Assigned task: I'd like the records transcribed exactly, leaving the images out.

Given entries:
* * * * * * * * *

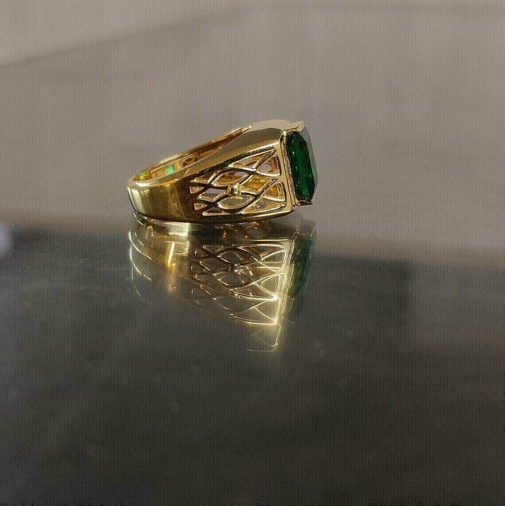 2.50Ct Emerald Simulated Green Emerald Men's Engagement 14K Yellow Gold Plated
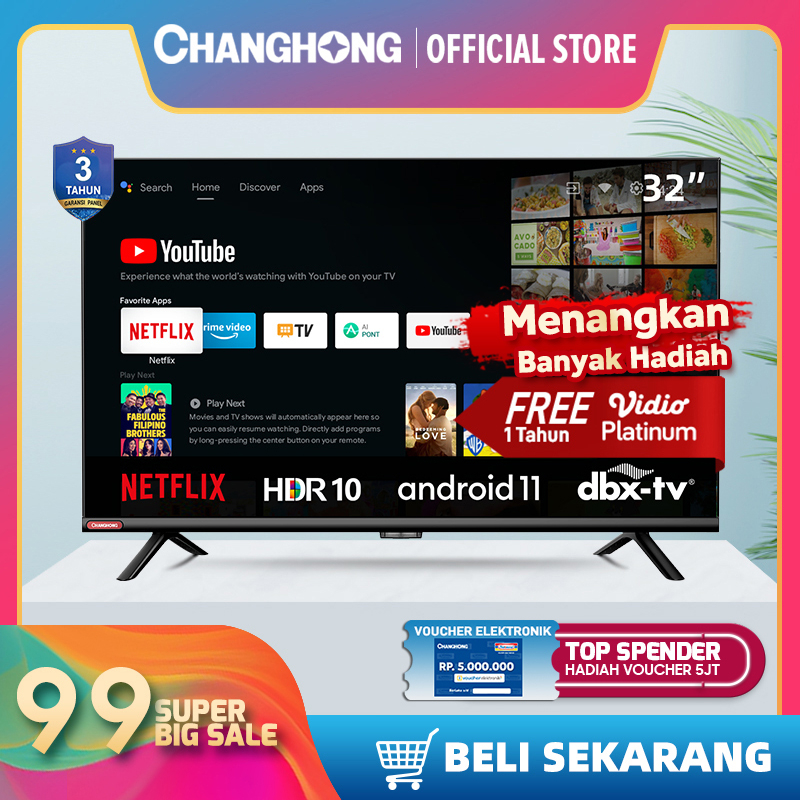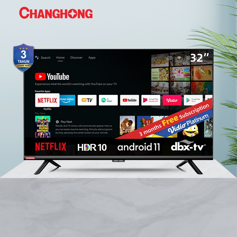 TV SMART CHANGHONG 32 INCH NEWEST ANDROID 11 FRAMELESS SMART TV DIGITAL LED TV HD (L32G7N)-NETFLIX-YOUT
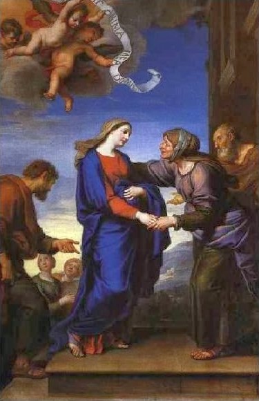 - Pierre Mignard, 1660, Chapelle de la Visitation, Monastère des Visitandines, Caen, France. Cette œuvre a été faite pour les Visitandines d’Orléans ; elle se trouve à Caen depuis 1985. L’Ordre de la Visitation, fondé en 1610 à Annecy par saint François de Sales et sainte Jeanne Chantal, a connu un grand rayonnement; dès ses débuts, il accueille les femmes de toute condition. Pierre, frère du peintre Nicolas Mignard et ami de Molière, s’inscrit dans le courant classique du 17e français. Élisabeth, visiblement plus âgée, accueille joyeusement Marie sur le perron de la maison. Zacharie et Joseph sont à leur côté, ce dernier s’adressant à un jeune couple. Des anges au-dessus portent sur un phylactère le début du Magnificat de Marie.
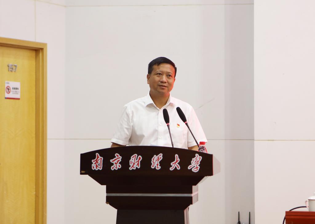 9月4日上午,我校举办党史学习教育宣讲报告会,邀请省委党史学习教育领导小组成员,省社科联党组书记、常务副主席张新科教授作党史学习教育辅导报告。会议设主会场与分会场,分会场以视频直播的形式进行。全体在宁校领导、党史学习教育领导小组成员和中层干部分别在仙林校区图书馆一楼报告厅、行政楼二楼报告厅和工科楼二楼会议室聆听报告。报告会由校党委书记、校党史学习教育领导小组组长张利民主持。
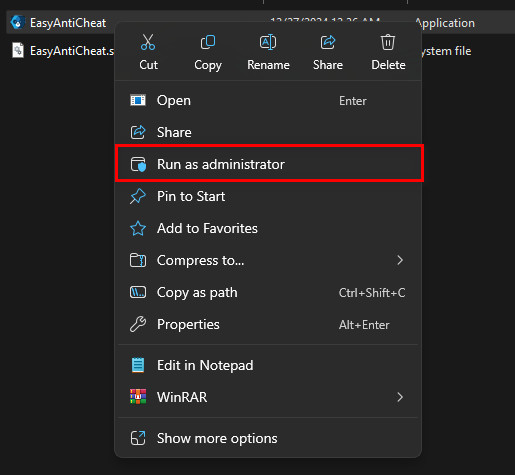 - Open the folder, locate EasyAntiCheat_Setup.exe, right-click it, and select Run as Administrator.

* * * * * * * * *

Problem solution:
 2.50Ct Emerald Simulated Green Emerald Men's Engagement 14K Yellow Gold Plated
 TV SMART CHANGHONG 32 INCH NEWEST ANDROID 11 FRAMELESS SMART TV DIGITAL LED TV HD (L32G7N)-NETFLIX-YOUT
 - Pierre Mignard, 1660, Chapelle de la Visitation, Monastère des Visitandines, Caen, France. Cette œuvre a été faite pour les Visitandines d’Orléans ; elle se trouve à Caen depuis 1985. L’Ordre de la Visitation, fondé en 1610 à Annecy par saint François de Sales et sainte Jeanne Chantal, a connu un grand rayonnement; dès ses débuts, il accueille les femmes de toute condition. Pierre, frère du peintre Nicolas Mignard et ami de Molière, s’inscrit dans le courant classique du 17e français. Élisabeth, visiblement plus âgée, accueille joyeusement Marie sur le perron de la maison. Zacharie et Joseph sont à leur côté, ce dernier s’adressant à un jeune couple. Des anges au-dessus portent sur un phylactère le début du Magnificat de Marie.
 9月4日上午,我校举办党史学习教育宣讲报告会,邀请省委党史学习教育领导小组成员,省社科联党组书记、常务副主席张新科教授作党史学习教育辅导报告。会议设主会场与分会场,分会场以视频直播的形式进行。全体在宁校领导、党史学习教育领导小组成员和中层干部分别在仙林校区图书馆一楼报告厅、行政楼二楼报告厅和工科楼二楼会议室聆听报告。报告会由校党委书记、校党史学习教育领导小组组长张利民主持。
 - Open the folder, locate EasyAntiCheat_Setup.exe, right-click it, and select Run as Administrator.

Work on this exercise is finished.